Abstract:Adversarial attacks aim to generate malicious inputs that mislead deep models, but beyond causing model failure, they cannot provide certain interpretable information such as ``\textit{What content in inputs make models more likely to fail?}'' However, this information is crucial for researchers to specifically improve model robustness. Recent research suggests that models may be particularly sensitive to certain semantics in visual inputs (such as ``wet,'' ``foggy''), making them prone to errors. Inspired by this, in this paper we conducted the first exploration on large vision-language models (LVLMs) and found that LVLMs indeed are susceptible to hallucinations and various errors when facing specific semantic concepts in images.
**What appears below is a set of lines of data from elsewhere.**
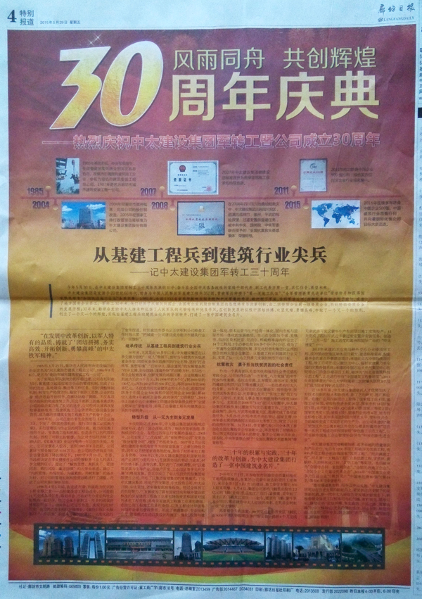 “三十年的積累與實踐,三十年的改革與創(chuàng)新,為中太建設集團打造了一張中國建筑業(yè)名片!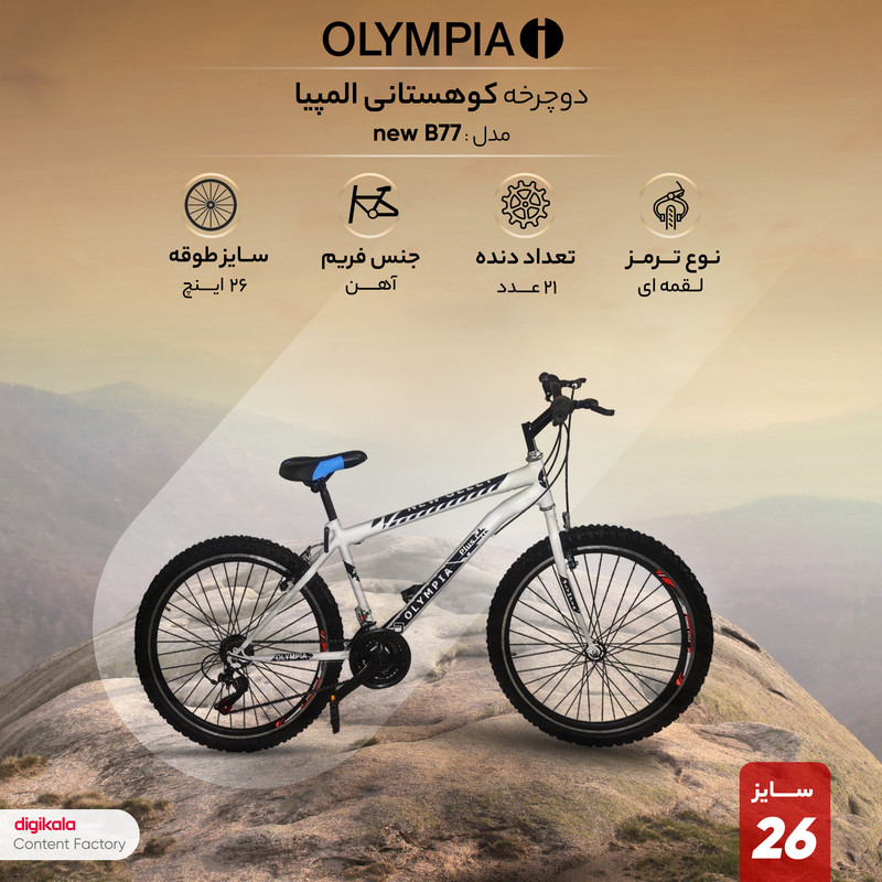 دوچرخه 26 المپیا کوهستانی ساخت ایران: تنه از مهمترین قسمت در دوچرخه محسوب میشود.ویژگی های زیادی در طراحی این دوچرخه در نظر گرفته شده که میتواند تا مقدار زیادی شما رو به معیار هایی که از دوچرخه سواری دارید برساند.اگر تنه محکم باشد ایمنی بیشتری در هنگام دوچرخه سواری خواهید داشت .در این دوچرخه از جنس فلز برای ساخت فریم استفاده کردیم .این جنس از مقاومت بالا در برابر رطوبت و به دلیل هزینه های پایین و همچنین به دلیل وزن ایده آلی که دارد و به دلیل مقاومتی که در برابر فشار /ضربه و سایش دارد باعث شده که طرافدار های خیلی زیادی داشته باشد.این نوع به دلیل ساختار دلنشینی که دارد بیشتر مورد توجه قرار گرفته و بخاطر قیمت معقولی که دارد بهترین و مناسب ترین انتخاب خواهد بود.به راحتی مونتاژ کنید فقط با یک دسته آلن و آچار 15 تخت خیلی راحت میتوانید دوچرخه رو مونتاژکنید این دوچرخه قبل از بسته بندی آچارکشی میشود و تنظیمات دوچرخه به طور کلی انجام میشود و فقط به این دلیل که دوچرخه ی آماده قابل بسته بندی نمیباشد مجبوریم فقط چرخ جلو و فرمان رو جدا کنیم که دوچرخه بصورت استاندارد بسته بندی شود که در هنگام بارگیری و ارسال دوچرخه آسیبی به دوچرخه نرسد
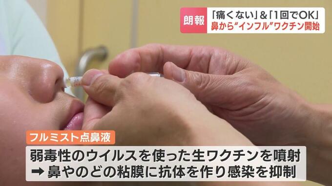 2歳から18歳までが接種の対象で、従来のインフルエンザワクチンと効果に変わりはないといいます。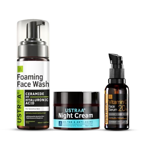 HomeBeautyFace CareCleansersFace WashUstraa Max Gentle Kit - Foaming Face Wash - Sensitive Skin - 150 ml | with Ceramides & 20% Vitamin C Face Serum - 30ml | 20% Vitamin C & Night Cream De-Tan & Anti-aging - 50g - Effective Tan Removal

To efficiently search for these sensitive concepts, we integrated large language models (LLMs) and text-to-image (T2I) models to propose a novel semantic evolution framework. Randomly initialized semantic concepts undergo LLM-based crossover and mutation operations to form image descriptions, which are then converted by T2I models into visual inputs for LVLMs. The task-specific performance of LVLMs on each input is quantified as fitness scores for the involved semantics and serves as reward signals to further guide LLMs in exploring concepts that induce LVLMs. Extensive experiments on seven mainstream LVLMs and two multimodal tasks demonstrate the effectiveness of our method. Additionally, we provide interesting findings about the sensitive semantics of LVLMs, aiming to inspire further in-depth research.